-------- Data for analysis

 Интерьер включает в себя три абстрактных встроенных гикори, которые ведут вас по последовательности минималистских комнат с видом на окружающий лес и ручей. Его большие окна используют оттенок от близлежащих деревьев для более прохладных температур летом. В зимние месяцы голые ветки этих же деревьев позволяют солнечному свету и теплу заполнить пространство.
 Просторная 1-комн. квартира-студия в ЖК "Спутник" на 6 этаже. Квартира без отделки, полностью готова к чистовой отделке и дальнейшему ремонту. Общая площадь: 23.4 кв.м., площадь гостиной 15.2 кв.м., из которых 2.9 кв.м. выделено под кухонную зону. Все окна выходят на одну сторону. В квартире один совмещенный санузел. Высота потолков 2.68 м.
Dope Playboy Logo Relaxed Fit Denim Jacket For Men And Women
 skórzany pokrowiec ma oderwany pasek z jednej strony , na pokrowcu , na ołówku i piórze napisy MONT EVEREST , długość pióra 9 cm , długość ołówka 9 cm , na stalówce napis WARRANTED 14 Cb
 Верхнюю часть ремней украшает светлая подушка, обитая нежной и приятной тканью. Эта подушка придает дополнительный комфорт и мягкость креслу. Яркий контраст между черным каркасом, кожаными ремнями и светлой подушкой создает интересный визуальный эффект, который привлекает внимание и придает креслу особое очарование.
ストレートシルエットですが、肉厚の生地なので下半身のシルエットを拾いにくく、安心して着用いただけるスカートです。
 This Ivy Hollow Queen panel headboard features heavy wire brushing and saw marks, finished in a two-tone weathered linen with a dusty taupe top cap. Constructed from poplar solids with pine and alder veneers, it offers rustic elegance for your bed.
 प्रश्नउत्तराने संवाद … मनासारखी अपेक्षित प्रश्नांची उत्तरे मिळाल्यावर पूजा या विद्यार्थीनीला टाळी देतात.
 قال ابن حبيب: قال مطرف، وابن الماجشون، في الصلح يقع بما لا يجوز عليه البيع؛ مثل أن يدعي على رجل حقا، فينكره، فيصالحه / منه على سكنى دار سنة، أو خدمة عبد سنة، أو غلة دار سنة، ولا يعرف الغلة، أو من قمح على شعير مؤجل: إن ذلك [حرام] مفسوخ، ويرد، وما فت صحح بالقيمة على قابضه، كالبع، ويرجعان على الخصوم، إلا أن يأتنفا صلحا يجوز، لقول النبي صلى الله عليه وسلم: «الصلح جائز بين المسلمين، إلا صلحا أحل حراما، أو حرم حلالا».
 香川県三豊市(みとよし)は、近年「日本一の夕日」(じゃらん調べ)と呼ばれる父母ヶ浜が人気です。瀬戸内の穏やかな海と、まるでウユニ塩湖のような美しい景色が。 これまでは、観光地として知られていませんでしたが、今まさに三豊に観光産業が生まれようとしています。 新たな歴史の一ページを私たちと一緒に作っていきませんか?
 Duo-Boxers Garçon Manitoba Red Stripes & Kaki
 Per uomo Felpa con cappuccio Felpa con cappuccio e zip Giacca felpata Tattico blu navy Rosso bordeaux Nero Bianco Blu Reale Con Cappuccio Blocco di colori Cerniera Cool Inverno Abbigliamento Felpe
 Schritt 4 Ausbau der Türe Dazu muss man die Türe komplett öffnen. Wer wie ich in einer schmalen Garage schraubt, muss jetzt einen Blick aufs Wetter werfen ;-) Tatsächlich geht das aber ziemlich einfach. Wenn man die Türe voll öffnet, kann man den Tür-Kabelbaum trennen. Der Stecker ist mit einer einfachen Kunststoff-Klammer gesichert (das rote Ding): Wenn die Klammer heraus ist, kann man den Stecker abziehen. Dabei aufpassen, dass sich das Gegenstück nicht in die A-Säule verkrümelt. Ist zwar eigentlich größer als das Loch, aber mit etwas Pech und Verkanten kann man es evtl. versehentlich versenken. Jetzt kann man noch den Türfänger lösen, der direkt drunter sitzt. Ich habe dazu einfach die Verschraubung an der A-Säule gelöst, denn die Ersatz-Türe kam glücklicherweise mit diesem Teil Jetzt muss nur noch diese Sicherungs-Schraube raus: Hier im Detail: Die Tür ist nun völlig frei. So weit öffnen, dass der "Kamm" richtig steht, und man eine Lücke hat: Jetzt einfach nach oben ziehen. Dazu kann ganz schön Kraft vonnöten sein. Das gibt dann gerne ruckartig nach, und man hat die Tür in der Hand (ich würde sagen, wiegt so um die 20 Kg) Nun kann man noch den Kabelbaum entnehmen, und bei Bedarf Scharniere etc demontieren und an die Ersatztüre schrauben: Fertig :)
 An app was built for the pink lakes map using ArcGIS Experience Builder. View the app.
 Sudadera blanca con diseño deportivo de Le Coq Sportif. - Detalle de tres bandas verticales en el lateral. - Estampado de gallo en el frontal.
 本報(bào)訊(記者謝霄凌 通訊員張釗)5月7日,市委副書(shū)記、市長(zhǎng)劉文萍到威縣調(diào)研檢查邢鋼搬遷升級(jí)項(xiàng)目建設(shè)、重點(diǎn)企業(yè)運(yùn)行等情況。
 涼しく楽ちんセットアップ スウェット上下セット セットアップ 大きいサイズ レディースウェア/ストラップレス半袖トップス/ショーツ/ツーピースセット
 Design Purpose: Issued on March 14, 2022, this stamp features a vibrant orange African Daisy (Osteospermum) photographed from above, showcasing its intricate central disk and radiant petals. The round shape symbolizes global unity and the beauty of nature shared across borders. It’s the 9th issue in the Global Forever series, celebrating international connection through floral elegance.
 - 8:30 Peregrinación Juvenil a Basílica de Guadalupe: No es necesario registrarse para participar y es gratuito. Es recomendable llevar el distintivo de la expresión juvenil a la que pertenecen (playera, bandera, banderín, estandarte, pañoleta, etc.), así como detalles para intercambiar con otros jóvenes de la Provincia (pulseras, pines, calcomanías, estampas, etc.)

----------------

• **Instructions for the task**
Copy out the lines above that hold the string "окна".

• **Problem solution**
 Интерьер включает в себя три абстрактных встроенных гикори, которые ведут вас по последовательности минималистских комнат с видом на окружающий лес и ручей. Его большие окна используют оттенок от близлежащих деревьев для более прохладных температур летом. В зимние месяцы голые ветки этих же деревьев позволяют солнечному свету и теплу заполнить пространство.
 Просторная 1-комн. квартира-студия в ЖК "Спутник" на 6 этаже. Квартира без отделки, полностью готова к чистовой отделке и дальнейшему ремонту. Общая площадь: 23.4 кв.м., площадь гостиной 15.2 кв.м., из которых 2.9 кв.м. выделено под кухонную зону. Все окна выходят на одну сторону. В квартире один совмещенный санузел. Высота потолков 2.68 м.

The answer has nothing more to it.